Yes, that's a failing of science. Reading the early volumes of Nature from the 19th century shows how much more of an open dialogue it was back then: https://www.nature.com/nature/volumes
Though education was much more limited, so take "open" with a grain of salt.
I think the difficulty is we know vastly more, and have experimented with vastly more since the 19th century, that the majority of university learning these days, and the inherent challenge within that learning, is "how do we condense 200+ years of investigation, experimentation, and knowledge building into only a handful of years of learning?"

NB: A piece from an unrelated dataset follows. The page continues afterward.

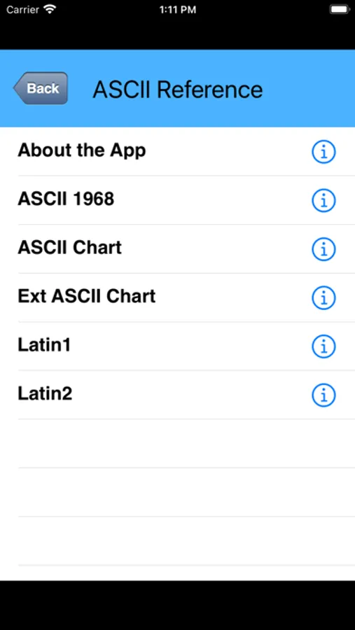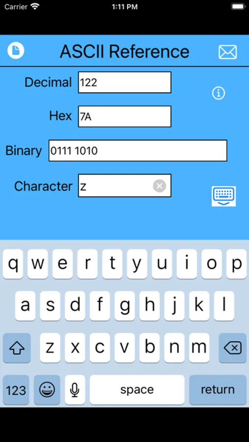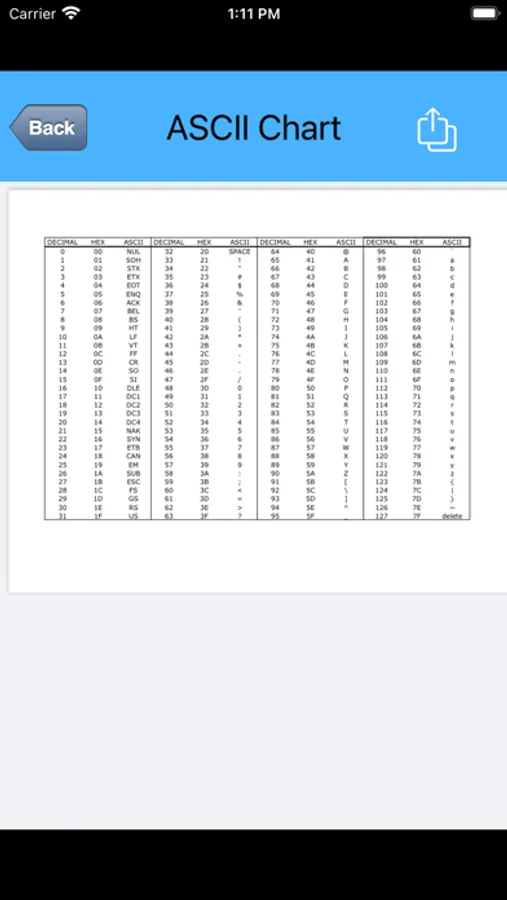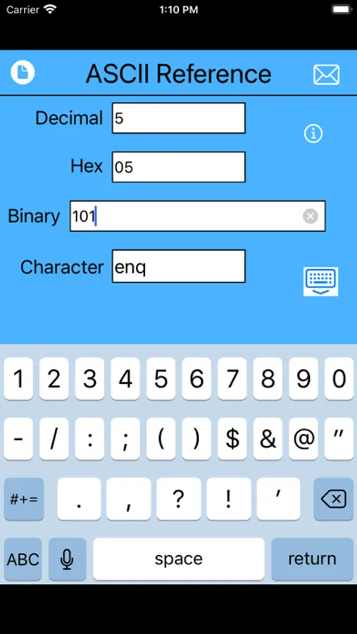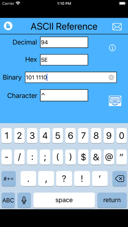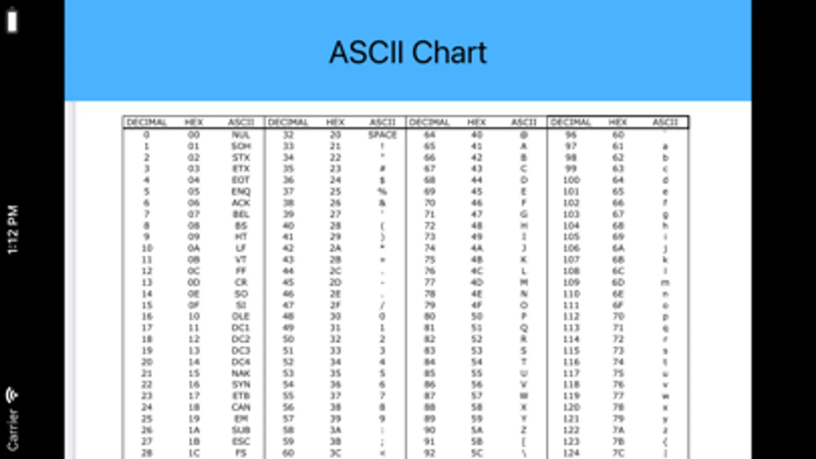 This is a fast and simple-to-use app for viewing ASCII and Unicode code points in decimal, hex, and binary representations.

For a lot of sciences, we are very lucky that it is still possible. But the reason why scientists do not allow such an open dialogue with laypeople is because the majority of answers are going to boil down to either "that question doesn't make any sense, and i would have to spend the entire rest of the session teaching you why" or "we already did these experiments a bunch of times in the last hundred years, and found out the result, but the result is tricky because of so and so mitigating factors, and for me to explain these results and how to even interpret them in the first place (e.g. explaining how it was measured, explaining the theory behind why we chose that method to measure it, explaining what the numbers we get mean, etc.) would take the entire rest of the session"
And then of course, there's the frequent crackpots. Pretty much anyone within a science discipline who is even decently well known, especially if they're in physics, gets multiple emails a day from crackpots about how their theories are going to "totally blow a hole in the established knowledge", and at some point you hit a point where you're stuck between "spending 4 hours drafting a response to someone who has not bothered to put in the time to learn physics, and wouldn't listen to you anyway because they think they know it all", and "getting actual work done in your field". The scientists I know do take time out of their day to answer actual questions from inquisitive folk, but the difficulty is that thanks to the addition of ChatGPT, those questions are getting more and more cramped out by the crackpots armed with a hallucinating dictionary.